Saw Dr. Edwards today (he says I'm fat). Well, he didn't say it in those words but the general gist of our conversation was that I'm a whale in need of immediate intervention.
It turns out I won't be getting my IUI treatment this month. I missed my LH surge so will have to wait another month. Joy of fucking joys. It never bloody rains but it pours. The nurse at the clinic informed me that I've been crying and emotional lately as a side effect of the clomid. Apparently, the longer you're on it, the more severe the side effects get.
I've exchanged my weepy sadness for irritability and anger at the world at the moment. I'm pissed off that nothing ever seems to go right for me, I'm pissed off that my ovaries feel like they're on fire and I'm pissed off that I'm fat.

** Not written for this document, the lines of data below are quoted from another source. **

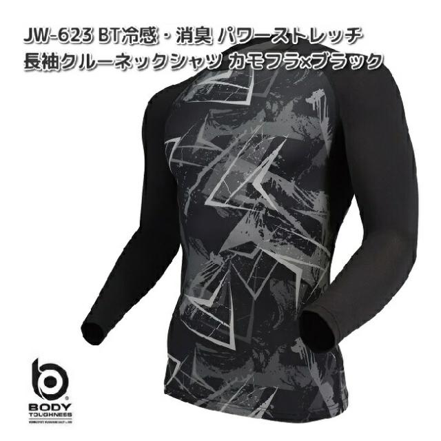 JW-623 冷感 消臭パワーストレッチ 長袖クルーネックシャツ カモフラ×ブラック S〜3L ネコポス対応品2 お取り寄せ商品 おたふく手袋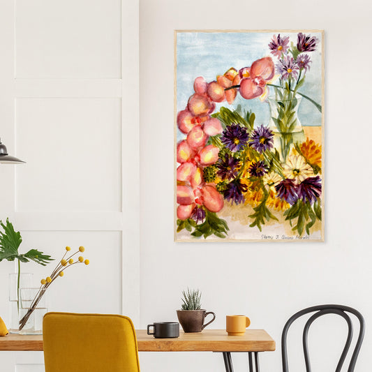 Orquídeas - Watercolor Museum-Quality Matte Paper Wooden Framed Poster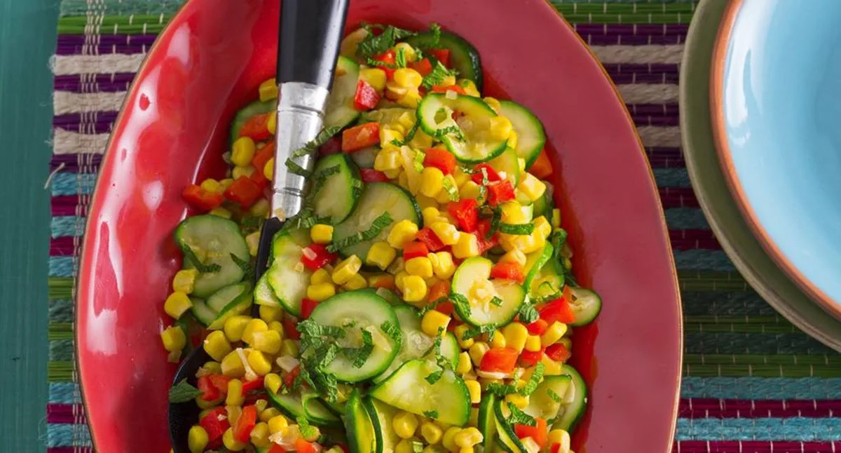 - Junte os legumes preparados à cebola, adicione o milho e tempere com sal. Misture bem, tape e deixe cozinhar sobre lume moderado a brando entre 10 e 15 minutos, mexendo de vez em quando.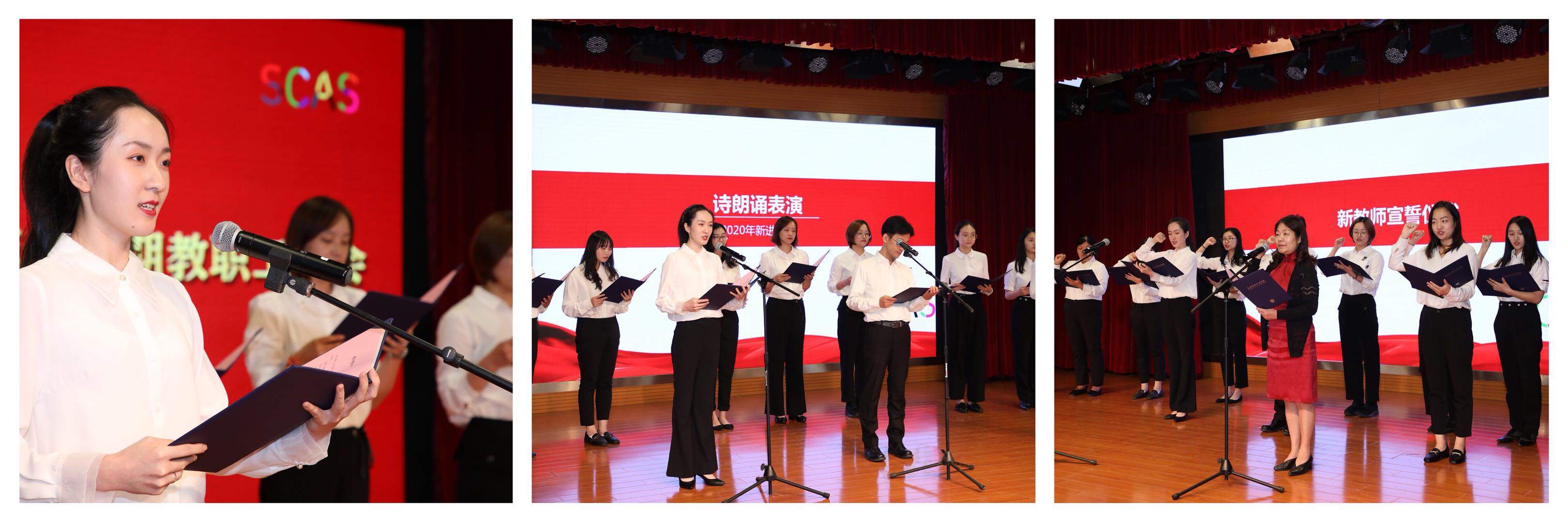今年刚入职的十三名新商会人依次亮相做自我介绍,并献上了一首配乐诗朗诵。接着,在王洁副校长的领誓下,新进教师们进行了庄严的入职宣誓。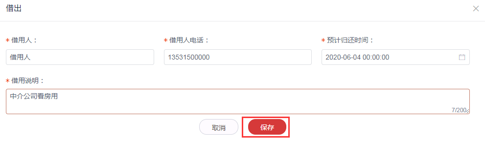 4.填写所有借用信息后点击**保存**按钮

I had a young man come to the door yesterday selling christian books. I politely informed him that I had no need for his books and that I was unemployed and poor so couldn't afford them if I did want them. He was very polite and offered to pray for me. I figured what the hell, it can't do any harm and it will make him think that he's being useful. So he prayed for me to get pregnant. (And if I DON'T get pregnant, for me to be content with god's will). Oh well, his heart was in the right place.
I came home to a very wet, very angry cat today. Apparently old Murdoch got out this morning while Chris was letting the dogs out, and was stuck in the rain all day. Serves him right I say.